In America le cose vanno meglio che in Europa, la ripresa economica, pur modesta è decisamente più sostenuta che nel Vecchio Continente. Il fiscal cliff è stato trasformato da burrone in gradino e il Presidente Obama si è sicuramente dimostrato più intelligente e flessibile di Frau Merkel. Eppure anche lì la crisi non è finita. Robert Reich, ministro del lavoro ai tempi di Clinton ed uno dei più vigorosi critici della destra liberista, ci spiega che l'economia americana è ancora in grande difficoltà. La disoccupazione scende, ma in realtà la percentuale di popolazione attiva impiegata è ai minimi storici, o quasi. Il mercato azionario va forte, ma questo avvantaggia solo i soliti noti. Si è ricominciato a costruire case, ma nuovamente andranno nelle disponibilità dei più ricchi che potranno così affittare. Insomma, Reich analizza in profondità i numeri e ce li spiega con grande chiarezza: perchè la crescita economica conta poco se non serve a migliorare le condizioni di vita della maggioranza della popolazione.
The Big Stall
di Robert Reich
da robertreich.org
Bad news on the economy. It added only 88,000 jobs in March – the slowest pace of job growth in nine months.
While the jobless rate fell to 7.6 percent, much of
the drop was due to the labor force shrinking by almost a half million
people. If you’re not looking for work, you’re not counted as
unemployed.
That means the percentage of working-age Americans
either with a job or looking for one dropped to 63.3 percent — its
lowest level since 1979.
The direction isn’t encouraging. The pace of job growth this year is slower than its pace last year.

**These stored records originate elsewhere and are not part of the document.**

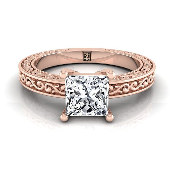 14K Rose Gold Princess Cut Hand Engraved Scroll Vintage Solitaire Engagement Ring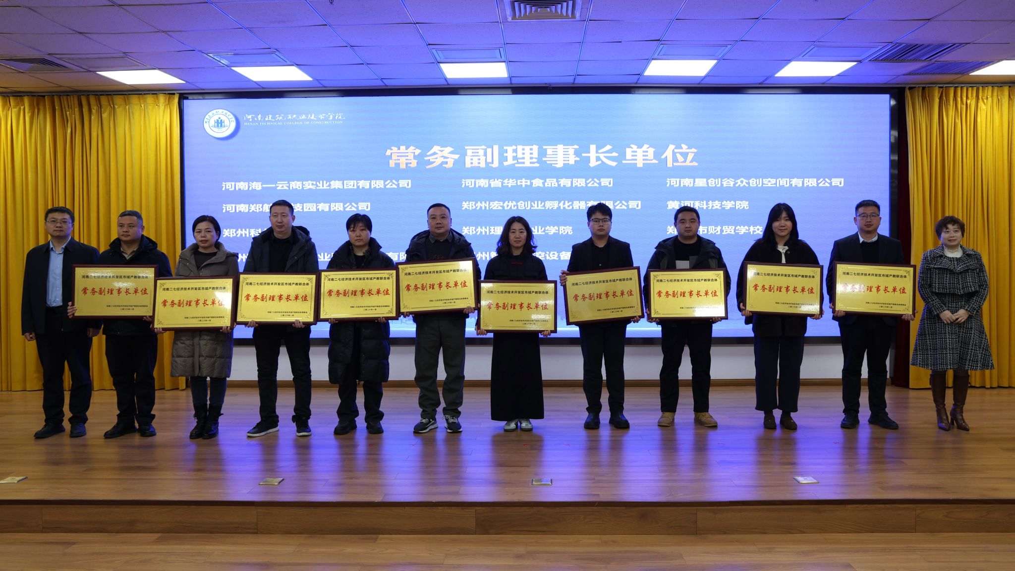 大会集体审议并表决通过了河南二七经济技术开发区市域产教联合体章程和组织机构名单。河南省教育厅领导、郑州市、二七区领导以及牵头单位领导分别为联合体理事长单位、常务副理事长单位、副理事长单位授牌。会上,副校长赵肖丹代表河南建筑职业技术学院与郑州一建集团有限公司、郑州投控科技产业园区发展有限公司、郑州市筑建职业技能培训学校有限公司举行了校企合作签约仪式。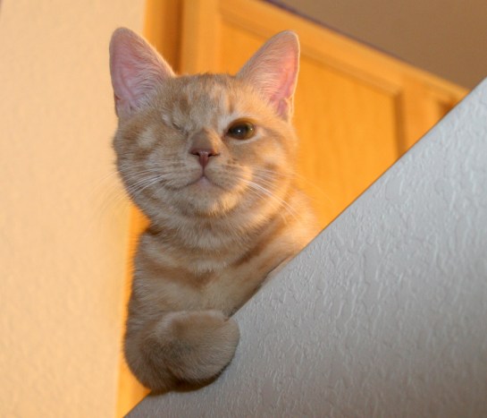 The cat walked around, jumped on the counter. It was extremely small. Only 7 months they said. It sniffed, moving its little head swiftly to compensate for only having one eye. Sunlight filtered through a window in the room.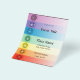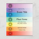 A graphic design of the seven chakras on a 4.5 x 5.6 event flyer. The flyer has text templates for your personalization, and the background color is customizable.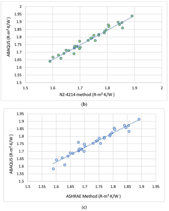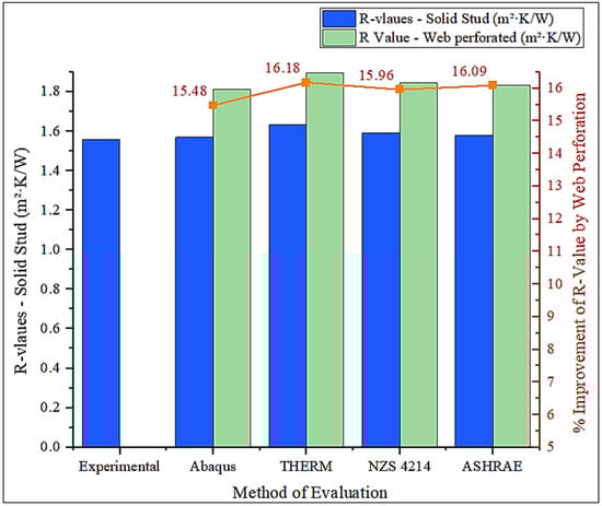 Among the numerical methods, the highest R value of 1.896 m2·K/W was achieved by the 2D THERM simulation, representing a 16.18% improvement over its non-perforated counterpart (Figure 14). NZS 4214 and the ASHRAE Modified Zone methods predicted R values of 1.845 and 1.833 m2·K/W, corresponding to respective improvements of 15.96% and 16.09%. The 3D Abaqus model produced an R value of 1.813 m2·K/W, indicating a 15.48% increase. Although 2D and analytical models offer computational efficiency, they assume planar conduction and uniform cross-sections, thereby overlooking multidirectional heat transfer effects that are critical in perforated configurations. In contrast, the 3D modelling approach resolves cross-plane heat fluxes, localized thermal bridging zones, and multiaxial conduction paths, offering a more accurate representation of the thermal behaviour of perforated LSF wall systems [41].
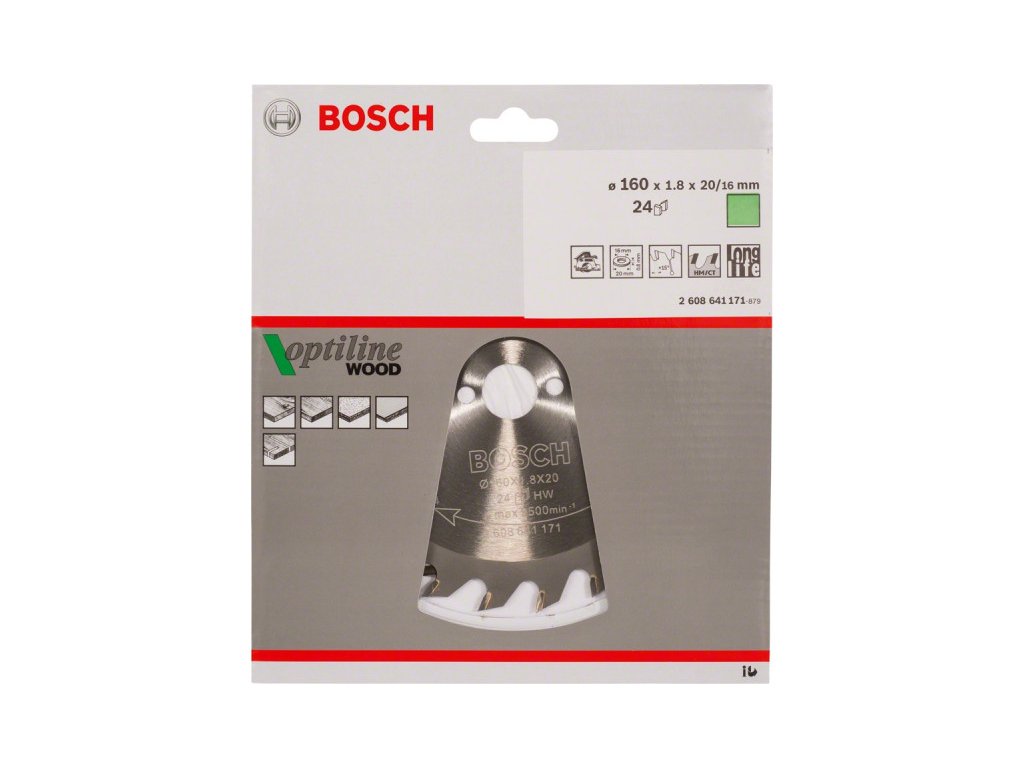 BOSCH Pílový kotúč na drevo 160 x 20/16 x 1,8 mm / 24T Optiline Wood ATB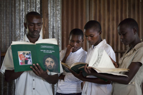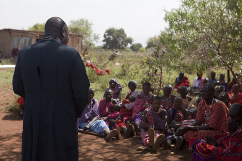 Отец Марк читает Евангелие на местных языках — на суахили, масаи и кикуйю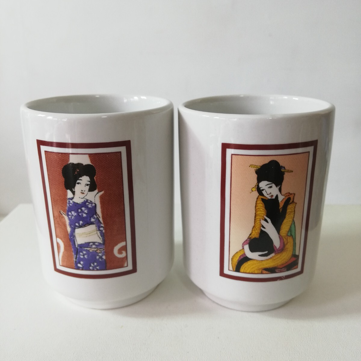 - 竹下夢二 絵画湯呑二客揃 湯呑 直径6cm×高さ8.4cm 2点セット 未使用品 [黒船屋 茶器 湯呑み 湯のみ 煎茶器 和食器]

What’s going on? The simple fact is companies won’t
hire if consumers aren’t buying enough to justify the new hires. And
consumers don’t have enough money, or credit, or confidence to buy
enough.
It’s likely Americans are beginning to feel the
pinches of January’s hike in the payroll tax combined with the
government budget cuts known as the sequester. Increases in gas prices
haven’t helped. All are taking money out of the pockets of most people –
whose job situation remains precarious. So they can’t and won’t buy
much.
One indicator: Retailers cut their staffs in March — by 24,100.
Yes, the stock market has rebounded. But only a
small portion of Americans are affected by the rebound. The richest 1
percent own 35 percent of all shares of stock; the richest 10 percent
own 90 percent.
And, yes, housing prices have stopped falling, and
construction of new homes has picked up. The construction sector added
18,000 jobs in March.
But the turnaround in housing isn’t because
prospective homeowners have been able to get new mortgages. It’s because
investors are buying or building homes to rent. And a buoyant rental
market doesn’t make most people feel wealthier.
Perhaps the most disturbing aspect of all this is
that we’re in the fifth year of a supposed economic recovery from the
second-worst economic downturn of the past century, and we’re still not
nearly back on track. Instead, we’ve had the most anemic recovery in
history.
A Gallup survey released Thursday showed that the
percentage of Americans holding full-time jobs has remained essentially
unchanged over the past year. With 12 million people out of work and
another 8 million holding part-time jobs who’d rather have full-time
ones, this just isn’t nearly good enough.
We’re experiencing the burden of austerity
economics and the continued scourge of widening inequality. Both are
squeezing average Americans. Yet it’s impossible to have a buoyant and
sustained recovery without a large and growing middle class.